# WORK REQUEST:
Nothing but the lines below from the one that contains "Essa mesma relação" through the one that contains "Mint Ribbed Short" should be retyped, exactly and including both ends. Do not include pictures.

# DATA EXTRACTS:
┌──

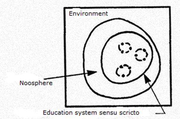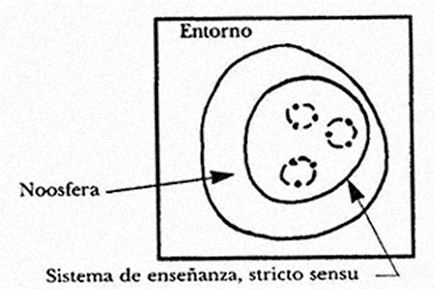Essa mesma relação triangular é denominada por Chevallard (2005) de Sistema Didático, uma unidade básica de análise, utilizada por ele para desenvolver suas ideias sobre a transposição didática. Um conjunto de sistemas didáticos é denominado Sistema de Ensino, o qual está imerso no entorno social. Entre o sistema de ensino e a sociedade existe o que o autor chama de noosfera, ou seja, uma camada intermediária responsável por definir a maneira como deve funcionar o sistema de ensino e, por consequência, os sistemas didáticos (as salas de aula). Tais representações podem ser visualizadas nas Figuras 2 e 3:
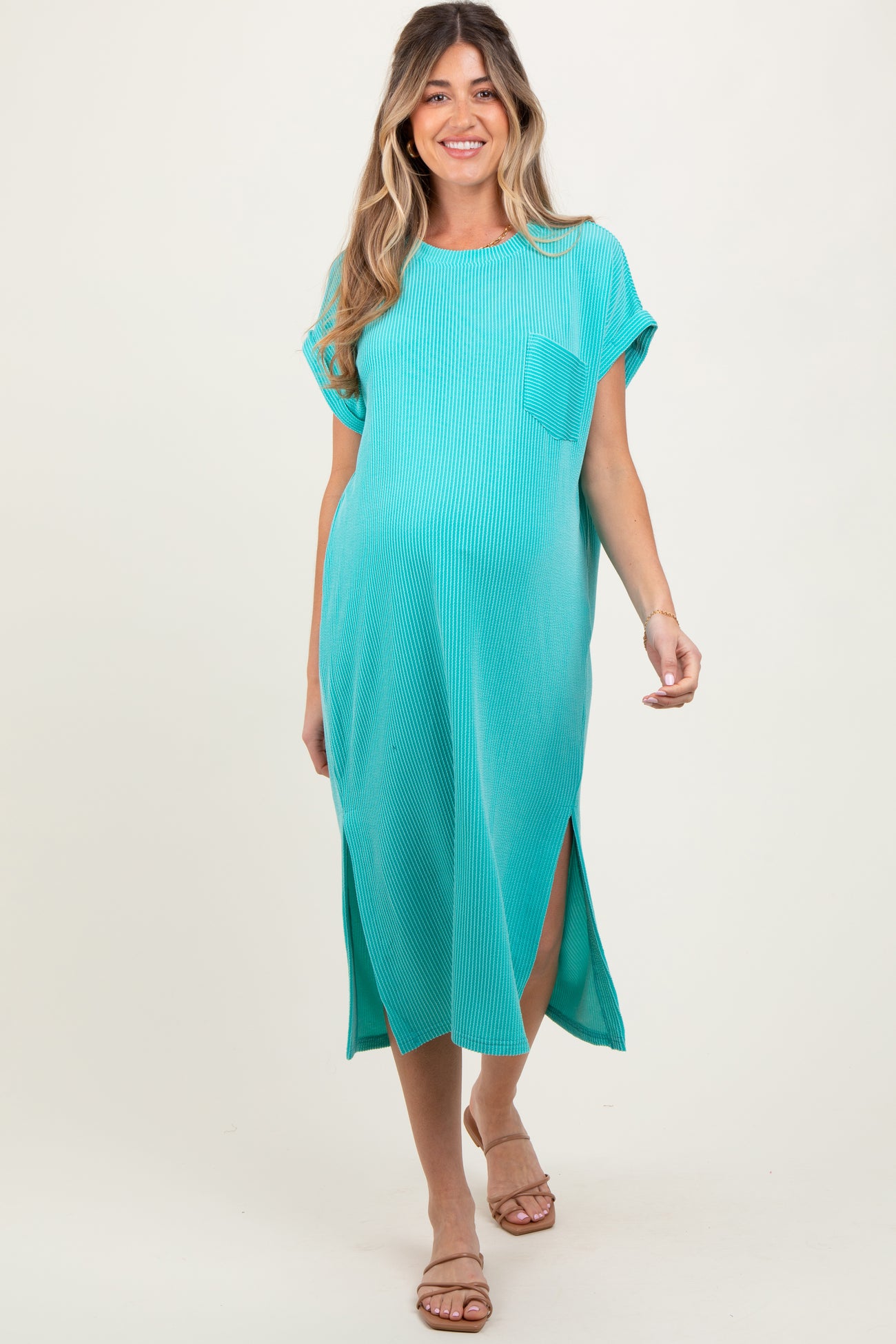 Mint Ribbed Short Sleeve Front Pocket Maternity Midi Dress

└──
┌──

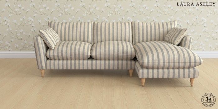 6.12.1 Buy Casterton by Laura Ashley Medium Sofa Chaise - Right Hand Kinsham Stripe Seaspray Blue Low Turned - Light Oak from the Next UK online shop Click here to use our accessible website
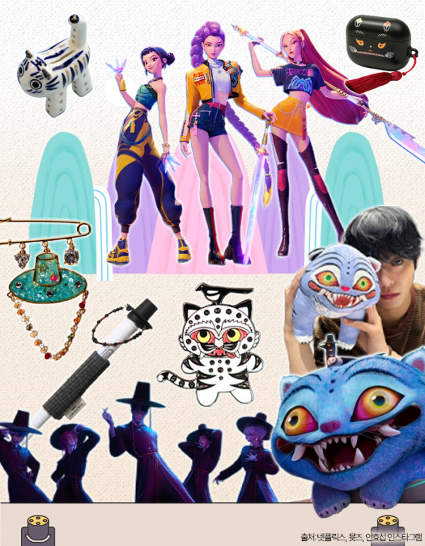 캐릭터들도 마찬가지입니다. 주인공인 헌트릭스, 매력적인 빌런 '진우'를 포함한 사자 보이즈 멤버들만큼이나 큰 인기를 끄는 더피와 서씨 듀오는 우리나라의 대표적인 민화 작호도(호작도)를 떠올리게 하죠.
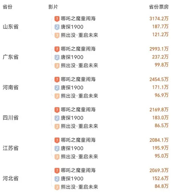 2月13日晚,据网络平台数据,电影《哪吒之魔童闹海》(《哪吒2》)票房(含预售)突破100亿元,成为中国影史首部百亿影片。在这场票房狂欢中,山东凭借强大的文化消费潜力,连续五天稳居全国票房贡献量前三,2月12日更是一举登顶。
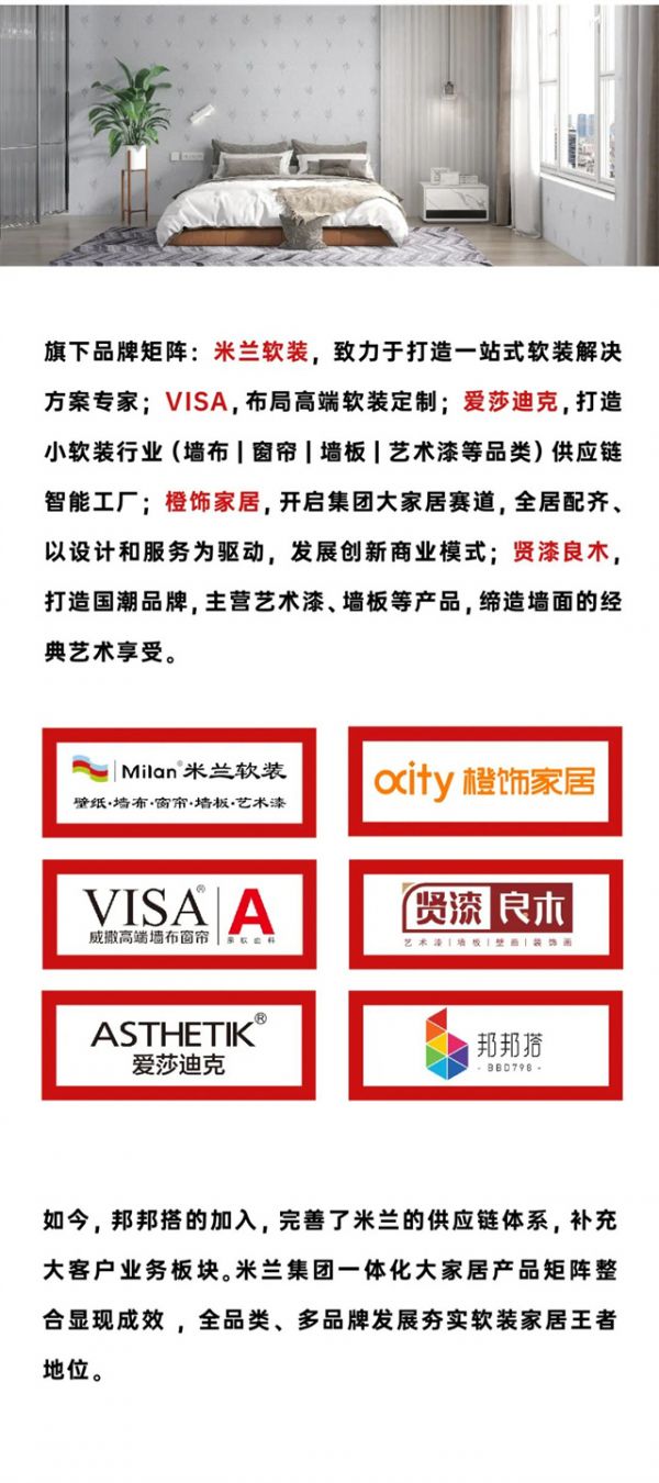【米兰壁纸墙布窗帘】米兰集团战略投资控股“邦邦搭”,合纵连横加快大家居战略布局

└──

# RESPONSE FOR THIS EXERCISE:
Essa mesma relação triangular é denominada por Chevallard (2005) de Sistema Didático, uma unidade básica de análise, utilizada por ele para desenvolver suas ideias sobre a transposição didática. Um conjunto de sistemas didáticos é denominado Sistema de Ensino, o qual está imerso no entorno social. Entre o sistema de ensino e a sociedade existe o que o autor chama de noosfera, ou seja, uma camada intermediária responsável por definir a maneira como deve funcionar o sistema de ensino e, por consequência, os sistemas didáticos (as salas de aula). Tais representações podem ser visualizadas nas Figuras 2 e 3:
 Mint Ribbed Short Sleeve Front Pocket Maternity Midi Dress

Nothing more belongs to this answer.